Even in the absence of First Amendment considerations, an ordinance regulating the right to engage in a lawful occupation or business must bear a rational relationship to a valid governmental purpose. [Citations omitted.] Accordingly, standards for excluding persons from engaging in such commercial activities must bear some reasonable relation to their qualifications to engage in those activities. [Citations omitted.] In the present case we perceive no reasonable relation between the qualifica*759tions of an applicant to operate a bookstore and any past conviction of any of the vast number of crimes listed in section 329.4 he or any of his coparticipants may have suffered.
Participants in the business of selling books require no special expertise. They are not like doctors or lawyers or school teachers whose past criminal convictions are often directly related to their occupational qualifications and may therefore be reasonably invoked to bar them from practicing their professions. [Citations omitted.] . . .
It is contended, however, that at least as to crimes involving obscenity, there is a reasonable relationship between conviction of such crimes and the operation of a bookstore. Accordingly, it is urged that the commission lawfully denied petitioner’s application for a license on the basis of his conviction for violating Penal Code section 311.2. This contention cannot stand in the face of the First Amendment. . . . [S]ince a denial of a license would prohibit petitioner from engaging in an activity protected by the First Amendment, it could only be justified, even under a narrowly drawn ordinance, if permitting a person who had been convicted of a crime involving obscenity to operate a bookstore constituted a clear and present danger of a serious, substantive evil. [Citations omitted.] No such clear and present danger appears. We cannot assume that because petitioner was once convicted of violating Penal Code section ,311.2, he will violate it again-, or that if he does so, criminal sanctions will not afford an adequate remedy. . . .
To interpret the ordinance in this case to permit denial of a license because of a past conviction of violating Penal Code section 311.2 would do more than create a hazard to protected freedoms; it would suppress them altogether. The penalty for violating section 311.2 does not include a forfeiture of First Amendment rights, and the risk that criminal sanctions will be insufficient to deter future violations of that section cannot justify the county’s attempted forfeiture of those rights on the theory that past violators are unfit to operate bookstores.

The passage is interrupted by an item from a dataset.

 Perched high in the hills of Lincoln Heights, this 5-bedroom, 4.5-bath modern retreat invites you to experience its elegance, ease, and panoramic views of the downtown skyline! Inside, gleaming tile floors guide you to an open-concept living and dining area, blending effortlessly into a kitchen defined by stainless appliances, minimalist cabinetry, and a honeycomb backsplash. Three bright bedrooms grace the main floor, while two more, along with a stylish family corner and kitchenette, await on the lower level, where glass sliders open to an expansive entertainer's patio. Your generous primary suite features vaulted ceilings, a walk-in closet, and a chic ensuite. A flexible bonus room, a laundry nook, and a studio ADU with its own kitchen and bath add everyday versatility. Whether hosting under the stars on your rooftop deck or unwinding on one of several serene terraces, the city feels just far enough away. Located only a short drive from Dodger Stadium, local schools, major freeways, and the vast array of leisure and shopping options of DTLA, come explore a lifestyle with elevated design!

(Footnote omitted.) 5 Cal. 3d at 663.
The rationale of that opinion is in complete harmony with our cases dealing with the licensing powers of municipalities and their powers of censorship. We adopt it here*760with and hold, as did that court, that a municipality may not use its power to license theaters as a tool of blanket censorship, as was done in this case.

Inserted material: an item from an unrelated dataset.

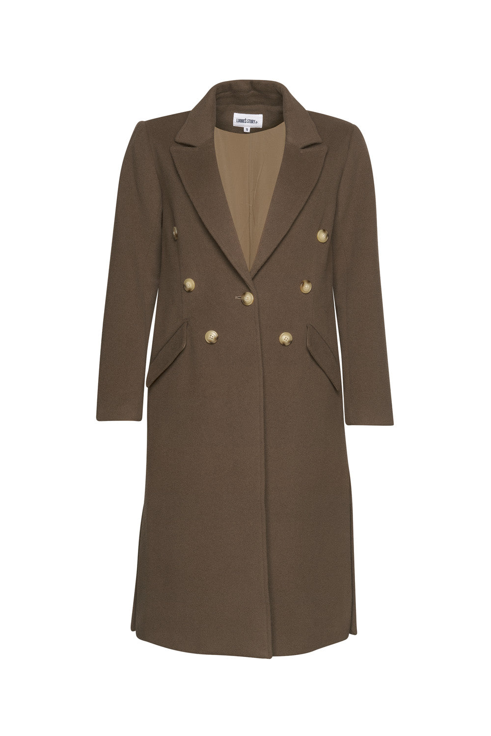 Single breasted longline coat with angled pockets and side splits. Fully lined.

The ordinance being unconstitutional upon its face, the respondents committed no crime in operating their motion picture theaters without having first obtained the licenses required under its terms.
The judgments are affirmed.
Finley, Hamilton, Stafford, Wright, and Utter, JJ., concur.
We are here concerned only with the power of municipalities to license businesses. Other considerations apply in the licensing of vocations and professions such as teaching, and the practices of medicine and the law. See 16 Am. Jur. 2d Constitutional Law § 323 (1964).